A way of analysing this shift in market share and the rise in generic competition is by looking at what “Big Pharma” is currently focusing on and where it may be failing. Many of the industry’s professionals would share the opinion that their activity and business strategies have remained the same for the past decade. Disappointingly, the focus for discussion and growth appear to be limited to corporate restructuring, redefining product portfolios, and looking out for the interests of the shareholder. As if that was the be-all and end-all.
Launching new blockbuster drugs has always drawn positive results for a company with regards to increasing market share and capitalizing on huge margins. Take Pfizer, for example: its new anti-smoking drug Chantix is the fourth drug to received FDA clearance this year. But the launch of a blockbuster drug (that which exceeds the $1 bn barrier, so as to cover the supposed costs of R&D, marketing and sales) is proving to be an almost impossible feat. The reality is that no more new and innovative drugs in the majority of the therapeutic categories are left to be discovered. This drawback has led the way to pharma companies developing existing medications and subsequently marketing them as a “improved and revolutionary” new products to the uninformed end user. (It comes as no surprise then that a recent study claims that the super drug Lipitor - with 2005 sales of $12.2 bn - cuts risk of repeat stroke by 16%, just when its patent is due to expire this year.) The brutal fact is that in the last decade almost 65% of all approved drugs are simply modified versions of medications that already exist on the market.
Moreover, further uncertainties are brought to light surrounding the business strategies adopted by Big Pharma in the face of changing trends within the market place. Greater emphasis has been directed at playing out competition, drawing big question marks over their competitive practice and the ever-present moral debate that arises over the production of cheaper drugs for developing countries. Not only is it creating an unnecessary delay for those patients who urgently need life-saving medications, but many would agree that the effects are simply devastating and irrational.
By and large, increasing market share and product portfolios through mergers and acquisitions is also proving insufficient in the long term, caused by patient medical programs, hospitals, health services, physicians and consumers who continue looking for cheaper alternatives. Additionally, the rise in law suits over patent disputes is only diverting attention away from the research and development of new drugs. And if these so-called competitive practices were not enough, the situation goes from the sublime to the ridiculous, evident through the practice of unethical pharmaceutical marketing. If it isn’t drug makers of sleeping pills paying doctors to publish bad press about competing drugs from generic manufacturers (numerous news articles recently came to light regarding this), it’s big drug companies coming under fire for paying off generic competition to delay market entry of their products. It appears that the common practice that had previously riddled the industry with of reaching key prescribing physicians with incentives is now just a thing of the past. Today, the only certainty is that more than 55% of all prescriptions made in the US are for generic medications, and this is expected to rise to 70% by 2010.

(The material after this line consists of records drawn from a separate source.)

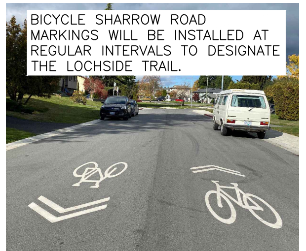
BICYCLE SHARROW ROAD MARKINGS WILL BE INSTALLED AT REGULAR INTERVALS TO DESIGNATE THE LOCHSIDE TRAIL.
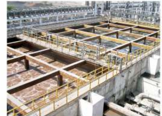
Effluent Treatment Plant at Refinery

Solutions integrate physicochemical, biological and membrane separation processes for optimum water recovery. These include micro filtration, ultra filtration, nano filtration and reverse osmosis systems, membrane bioreactors and advanced photochemical oxidation.
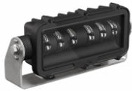
Part Number 0551281 12-24V LED Amber Zone Light
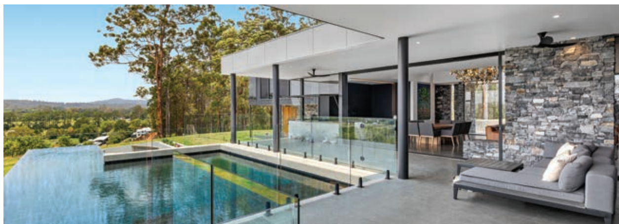
Gullos residence, Palmwoods, Accord Homes

Great design is important, as is a good use of natural light, airflow and open plan living areas designed to have those getaway zones for the modern family to use. As a judge, I look for the use of the latest technology, environmentally friendly and sustainable building practices. Innovation in the design of the floorplan or finishes used is always an interesting aspect of the judging. The variety of ideas and styling to create a home for 2020 were a joy to view and to admire the creative and innovative styling of our leading builders on the Sunshine Coast.

So what does the future hold for each side of the industry coin? Despite the clear changes within the market, the future is by no means lost for the big brand-name powerhouses of old, who only a decade ago would bad-mouth generic medicine as inferior. These days, they have joined the bandwagon including the giant brand-name manufacturer Novartis, who is now also striving to become a major player in the generics field. More so, Swiss-based Roche announced only last week that it has reached an agreement with the South African company Aspen for the production of a generic version of oseltamivir for Africa, as part of continued efforts to increase and speed up availability of the medicine for influenza pandemic planning world wide.
A very significant, but also much overlooked method of addressing the challenges of the pharmaceutical industry’s weakening pipelines is through the creation of partnerships and building effective collaborations across the industry with innovative pharmaceutical companies, generic players and healthcare communication providers.
On the other hand, what is also evident is that segmentation and targeting have taken on a new importance, which additionally does not require increasing sales & marketing forces.
But it’s not only Big Pharma that are seeing hard times ahead. Generic manufacturers are also being faced with strong market pressures caused by weak product pipelines, limited growth possibilities, and increasing numbers of generic competitors fighting over pricing. Avantis, Ranbaxy and Dr. Reddy are fine examples of companies that are directing huge capital on takeovers in the EU block, and further a field in the US, as a means of fighting for their survival and corporate growth.